Step S60, in the time that the server 500 of generation abnormal conditions recovers normal, receiver module 230 receives the clearance order of these servers 500, to remove the abnormal information of this server 500 in this list.After attendant repairs server 500, that is to say, server 500 (is for example normally worked after certain hour again, one hour), send clearance order to monitoring server 20, after monitoring server 20 receives this instruction, remove the abnormal information of this server 500 in list.
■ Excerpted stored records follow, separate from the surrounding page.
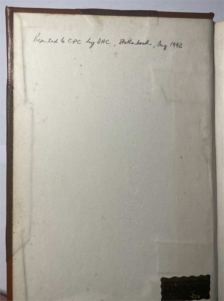 Half leather bound. Signed on cover by Danie Craven and pencil note; 'Presented to CPC by DHC, Stellenbosch Aug 1992'. Kaapstd Nationale Pers Bepeek 1949. 251 numbered pages. Each auction will remain OPEN for 5 minutes after the last bid has been made.
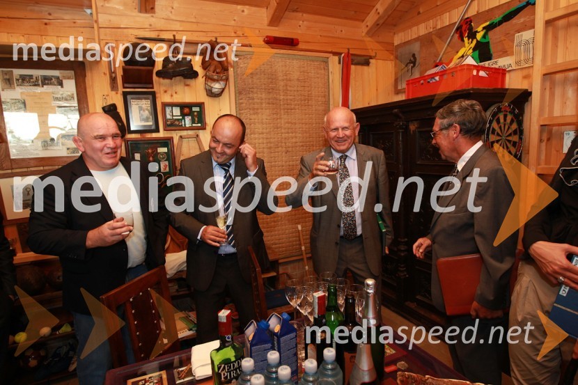 Marjan Fabjan, trener, Rudi Matjašič, član nadzornega sveta Pošte Slovenije, Janez Kocijančič, predsednik Olimpijskega komiteja Slovenije Pošta Slovenije, promocija priložnostne znamke Urške Žolnir
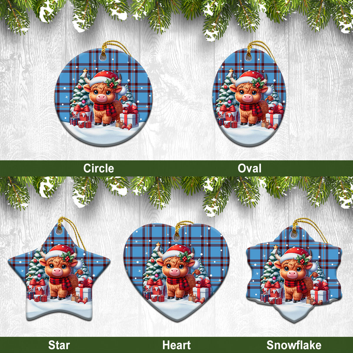 Elliot Ancient Tartan Christmas Ceramic Ornament - Highland Cow Winter Style
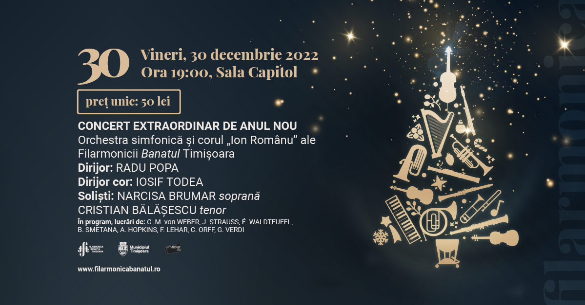 În prag de Anul Nou, Orchestra simfonică și Corul “Ion Românu” ale Filarmonicii Banatul Timișoara, alături de invitata NARCISA BRUMAR – soprană, CRISTIAN BĂLĂȘESCU – tenor, v-au pregătit un program festiv, în cadrul căruia vor fi interpretate lucrări ale compozitorilor C. M. von WEBER, J. STRAUSS, E. WALDTEUFEL, B. SMETANA, A. HOPKINS, F. LEHAR, C. ORFF, G. VERDI etc. Dirijorul concertului va fi RADU POPA, iar dirijorul corului va fi IOSIF TODEA.
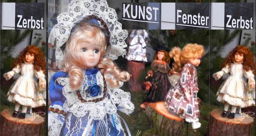 Aus zwei großen Pappkartons vom Flohmarkt besuchen 20 Puppen die gläserne Galerie KUNST-FENSTER Zerbst Breite 12 und können rund um die Uhr bewundert werden.Die märchenhafte Präsentation
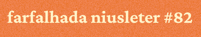 A farfalhada niusleter é o meio mais livre e satisfatório por onde espalho, na internet, meus escritos fragmentários de muitos temas e tons: dos arranhões filosóficos e políticos baseados, quase sempre, no debate sobre civilização e ecologia, aos meus haicais, haibuns e zuihitsus da vida cotidiana. Alguns dos textos que compartilho aqui estão presentes no meu último livro, um miscelânea fragmentária chamada Retalhos. Atrair inscritos é sempre uma alegria, mas dá trabalho. Se você acompanha e aprecia esta niusleter, e conhece gente que também faria o mesmo, compartilhe, indique.
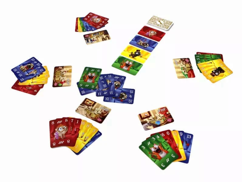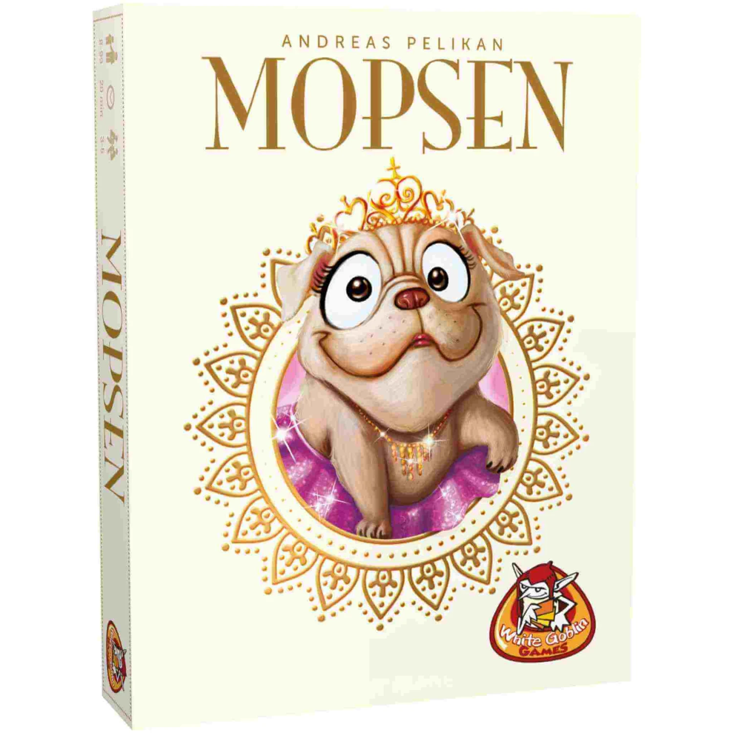 Beschrijving van Mopsen – WGG2049 : Er is zojuist een enorme stapel botten uit de keuken gekomen en de Mopsen worden wild. De dieren kunnen er geen genoeg van krijgen en ieder van hen wil het beste voor zichzelf bewaren. De verwende Mopsen dringen naar voren om eerder dan de rest bij de overheerlijke botten te komen. En dan zijn er ook nog die vervelende katten die alles op zijn kop zetten!Mopsen is een slagenspel voor 3-5 spelers. Zet je Mopsen in op het juiste moment, win de slag en bemachtig de meeste botten in je voerbak!

It should be noted last that, above embodiment is only unrestricted in order to technical scheme of the present invention to be described, although the present invention is had been described in detail with reference to above preferred embodiment, those of ordinary skill in the art is to be understood that, can modify or be equal to replacement technical scheme of the present invention, and not depart from the spirit and scope of technical solution of the present invention.

Claims

1. data center's abnormal information gathering system, this system runs on monitoring server, and this monitoring server is connected with each server of data center, it is characterized in that, and this system comprises:

Creation module, for create a list at monitoring server, the abnormal information that this list sends for service device;

Receiver module, for every Preset Time, receives the abnormal information that each server sends over;

Memory module, for being stored in list by the abnormal information of described each server obtaining;

Sending module, for every Preset Time, sends the abnormal information in list to client; And

Described receiver module, also, in the time that the server of generation abnormal conditions recovers normal, receives the clearance order of this server, to remove the abnormal information of this server in this list.

2. data center as claimed in claim 1 abnormal information gathering system, is characterized in that, described abnormal information comprises the numbering of server and the hardware number of the server of abnormal conditions occurs.

3. data center as claimed in claim 2 abnormal information gathering system, is characterized in that, the numbering of described server comprises line number and the columns of this server in data center.

4. data center as claimed in claim 1 abnormal information gathering system, is characterized in that, between each server of described data center, puts together in the mode of stack.

5. data center's abnormal information collection method, the method applies to monitoring server, and this monitoring server is connected with each server of data center, it is characterized in that, and the method comprises:

In monitoring server, create a list, the abnormal information that this list sends for service device;

Every Preset Time, receive the abnormal information that each server sends over;

The abnormal information of described each server obtaining is stored in list;

Every Preset Time, send the abnormal information in list to client; And

In the time that the server of generation abnormal conditions recovers normal, receive the clearance order of this server, to remove the abnormal information of this server in this list.

6. data center as claimed in claim 5 abnormal information collection method, is characterized in that, described abnormal information comprises the numbering of server and the hardware number of the server of abnormal conditions occurs.

7. data center as claimed in claim 6 abnormal information collection method, is characterized in that, the numbering of described server comprises line number and the columns of this server in data center.

8. data center as claimed in claim 5 abnormal information collection method, is characterized in that, between each server of described data center, puts together in the mode of stack.